> HOW TO COMPLETE THIS TASK
Starting from the line in which "SIENA. Oggi in" appears, set down each line exactly through the end of the listing, and nothing else. Leave out pictures.

> ENTRIES SHOWN

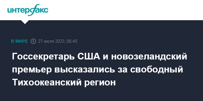 Госсекретарь подчеркнул важность региона для Соединенных Штатов и выразил уверенность в том, что США и Новая Зеландия "продолжат совместную работу по привлечению и поддержке партнеров".
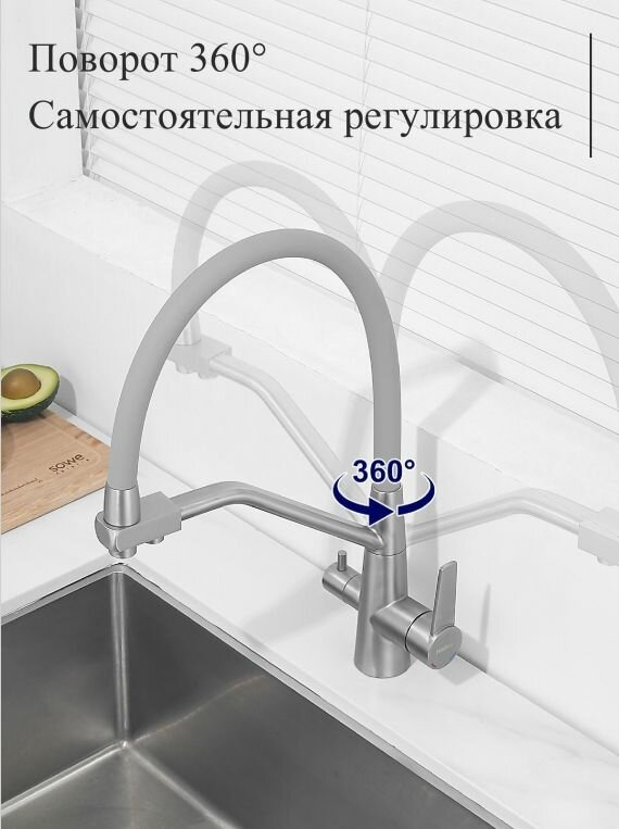 Смеситель для кухни Haiba HB76822-3 с гибким силиконовым изливом, подключением фильтра питьевой воды
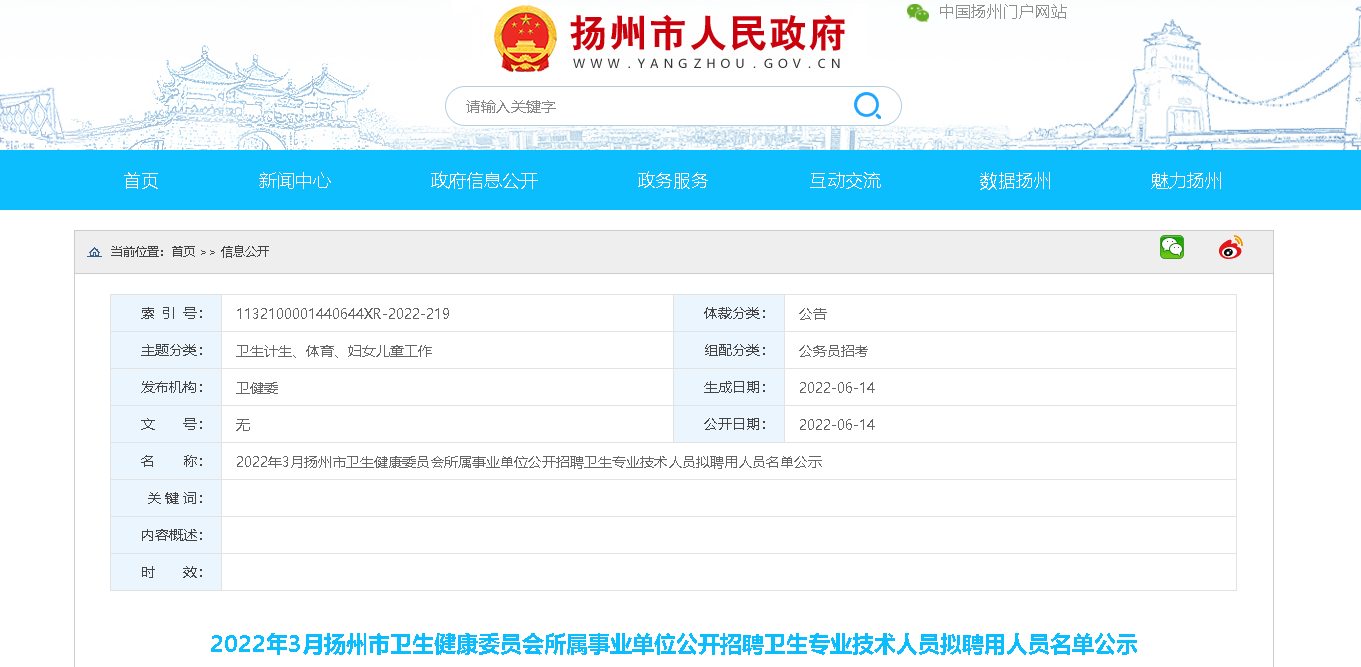 2022年3月江蘇揚州市衛(wèi)生健康委員會所屬單位招聘衛(wèi)生專技人員擬聘公示(一)已出,公示時間2022年6月14日至6月22日,現(xiàn)將招聘公告原文發(fā)布如下:
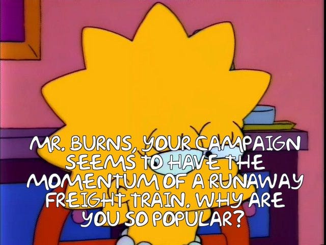As I usually relate things to The Simpsons, I just kept thinking of the early episode where Mr. Burns runs for governor of whatever state Springfield is in.
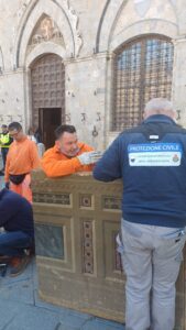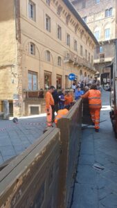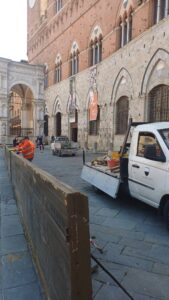 SIENA. Oggi in Piazza del Campo è in corso l’intervento di montaggio per l’esecuzione di rilievi e verifiche tecniche sui parapetti esistenti, a seguito dei lavori all’acquedotto.
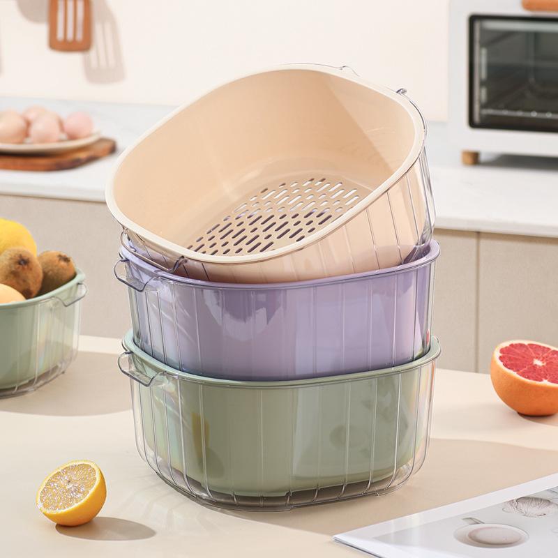 Double Layer Drain Basket Cream Style Food Grade Plastic Fruit Vegetable Washing Basin Space Saving for Household Kitchen

> TASK OUTPUT
 SIENA. Oggi in Piazza del Campo è in corso l’intervento di montaggio per l’esecuzione di rilievi e verifiche tecniche sui parapetti esistenti, a seguito dei lavori all’acquedotto.
 Double Layer Drain Basket Cream Style Food Grade Plastic Fruit Vegetable Washing Basin Space Saving for Household Kitchen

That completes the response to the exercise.